The fourth online-first article (half December 2020) argues the crucial importance of delay in law and the rule of law. Whereas efficiency is often associated with speed, Laurence Diver, founding member of this journal’s editorial team, argues that the slowness of a text-driven legal practice may be a feature rather than a bug when it comes to legal protection. To make this point, Diver coined the concept of a ‘hermeneutic gap’ and in this article he explores to what extent ‘slow computing’ might contribute to sustaining this gap before bridging it in the context of legal practice.
In our fifth online-first article (March 2021), Emilie van den Hoven argues that the epistemic opacity that characterises the systems that comprise computational 'law' threatens us with ever-greater 'hermeneutical injustices': constraints on our ability as citizens to make sense of the law, and to account for its place in our lives, which in turn threaten the dignitarian underpinnings of the rule of law.
Our sixth online first article (November 2021) is the first of a series of articles on the issue of interpretability in machine learning – in the context of data-driven ‘law’. In this article Elena Esposito leaves the well-trodden path of trying to figure out how legal technologies informed by machine learning actually reach their conclusions (output). Instead, she argues that we must learn to interact with these technologies, to use and control them rather than submit to them. Whereas she speaks of ‘communicating with’ and her replier, Federico Cabitzo speaks of ‘relating to’, both emphasise the need to reject objectivist assumptions, while nevertheless actively engaging with them in order to regain the agency that could otherwise be lost in translation.

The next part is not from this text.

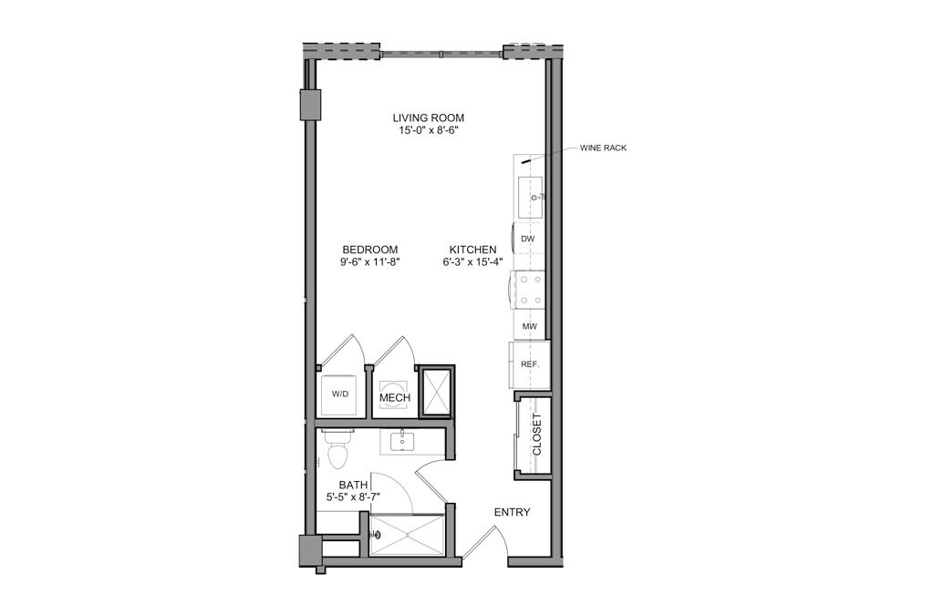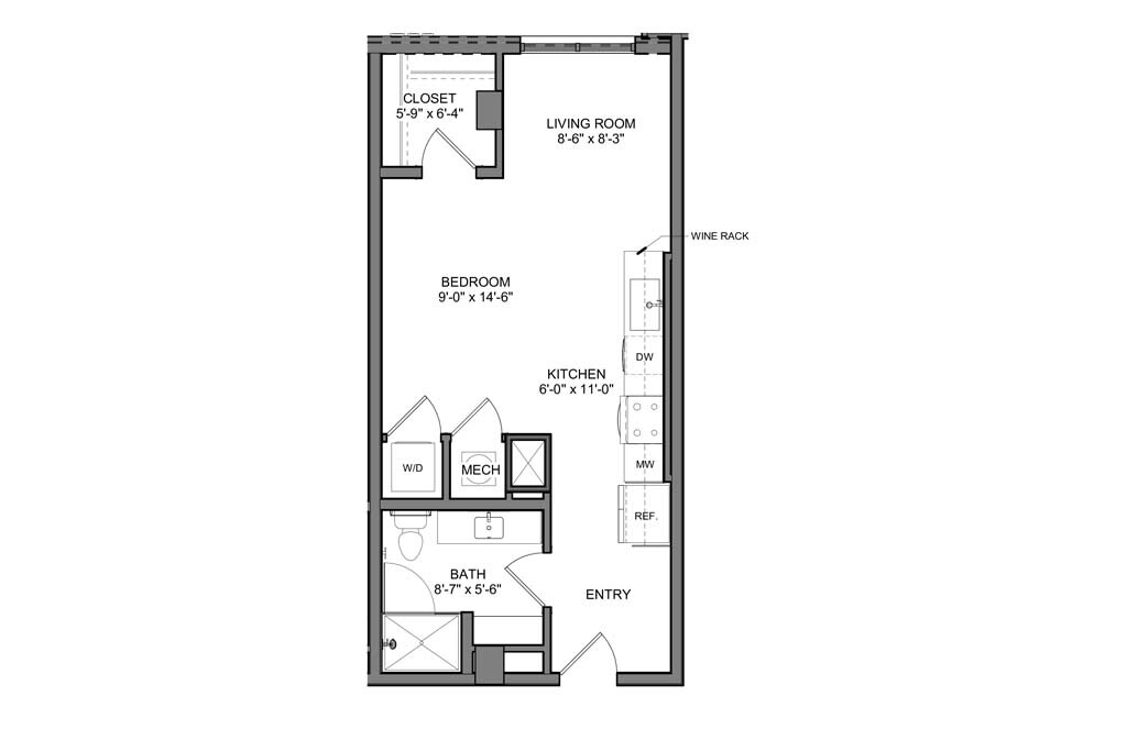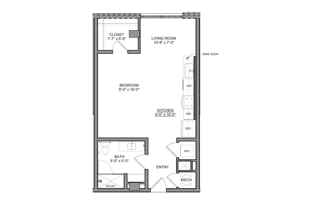 Studio, 1 Bath, 536 sq ftAvailable NowModel Gallery

Our seventh online first article (January 2022) squarely addresses the static temporality that defines machine learning (ML) systems, and its relevance for automated decision support systems that inform legally relevant decisions. ML systems can only be trained on historical data, and the relevance of such data may deteriorate over time, especially in the case of the law, which is a moving target as it adapts to changing circumstances. The author, Sylvie Delacroix, explains how this affects the interpretability and contestability of these systems over time. She proposes to introduce ‘ensemble contestability’ features capable of achieving long-term contestability. Her replier, Zachary Lipton, agrees that the temporal dynamics of ML must be taken into account when considering the impact of ML on the agency of those subject to their decisions. He then moves to succinctly develop three points of critique, arguing, in particular, that Delacroix’s post hoc ‘ensemble contestability’ solution is not viable and cannot do the work that is needed. In the course of his reply, he manages to trace the history of many relevant debates, thus providing a rich resource beyond the usual focus of explainable AI. Delacroix counters by distinguishing between the ‘interpretable object’ and the ‘subject capable of interpretation’, arguing that Lipton’s objections concern the ‘interpretable object’, whereas her concern sides with the subject capable of interpretation. Here we see the need for and the salient results of a genuine, respectful cross-disciplinary conversation.